From finding and touring memory care residences to finalizing legal documents to managing the memory care move, it will take at least 2 months to sort out the logistics of moving your loved one into memory care. For most families, 3-4 months is more normal. Financial hurdles, like getting covered by Medicaid, obtaining VA pension benefits or finding other payment support will take even longer. Even with professional financial planning assistance, it can take 6 months to arrange payment.
It is highly advantageous to be prepared when the times comes for memory care rather than to be scrambling. The onset of the need for memory care is just as like to be sudden as it is to be gradual. Patient behavior can change dramatically accelerating the need for memory care. However, unexpected changes with primary caregivers is just as likely to initiative the need. Since many caregivers are spouses and elderly themselves and they often push themselves beyond their own limits, caregiver injuries are more common than thought.
Another benefit of starting early is that it can let your loved one actually have a say in the decision. Making the decision in later stages of the disease, when the largest stakeholder can’t communicate well because of symptoms, will only exacerbate emotions including the guilty feelings that often come with this change.
The sooner the preparation begins, the more likely it is to be a positive transition.
Memory care is not the same as assisted living or a nursing home. The difference between memory care and assisted living is that memory care is specifically for people with Alzheimer’s disease, or related dementia, because they require a higher level of skilled care and supervision. Also called Special Care Units or Alzheimer’s Care Units, memory care communities usually offer shared and private spaces. Sometimes memory care exists as a wing within assisted living communities or nursing homes.

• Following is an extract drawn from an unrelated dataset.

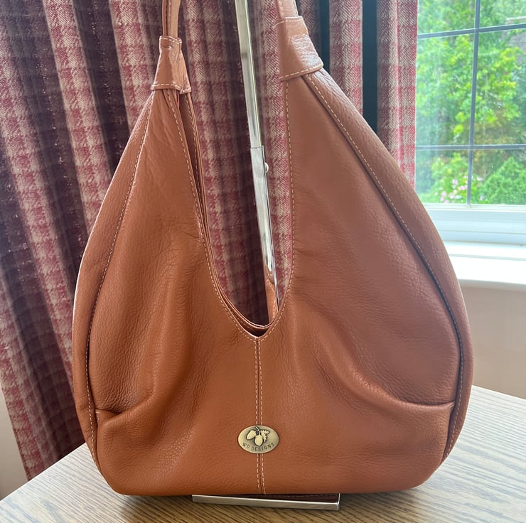 Handmade by me using beautifully soft Italian leather . This bag is quite a statement piece. It’s large and you could sneak a bottle of wine in the sides without it being spotted! The depth in the centre measures 6”
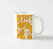 Un'opera d'arte astratta di figure femminili danzanti delineate in nero su uno sfondo giallo vibrante, che esprime ritmo e movimento in uno stile minimalista.

When compared to memory care, nursing homes are more expensive, more restrictive to the individual and provide a higher level of care. Nursing home candidates are typically accessed and found to require a “nursing home level of care”, which is a formal designation. Not all, not even close to all, persons with Alzheimer’s disease require nursing home level of care at the early or middles stages of the disease.
Memory care has more frequent safety checks than assisted living (patients are monitored 24 hours per day), and staff is specially trained to meet the needs and demands of residents who have difficulty with basic tasks because of dementia symptoms, from early to mid and late stages. Memory care units, therefore, offer most of the same services as assisted living, but with increased supervision and more routine, including structured activities to stimulate memory and hopefully slow the disease’s progression. These activities might involve music or pet therapy, games, arts and crafts, etc.
Memory care residences are also constructed differently, with enhanced security to prevent behavior like wandering. The hallways often run circular because patients with dementia will become upset when they encounter a wall. There aren’t individual kitchens in memory care, to cut down on stress and accidents. The colors, lighting, and even accouterments like fish tanks create an atmosphere that is more soothing for people with dementia.
Memory care typically costs more than assisted living, on average $1,000 more per month because of the need for specialized care. However, memory care costs significantly less than nursing home care, perhaps several thousand less per month depending on the state in which one resides.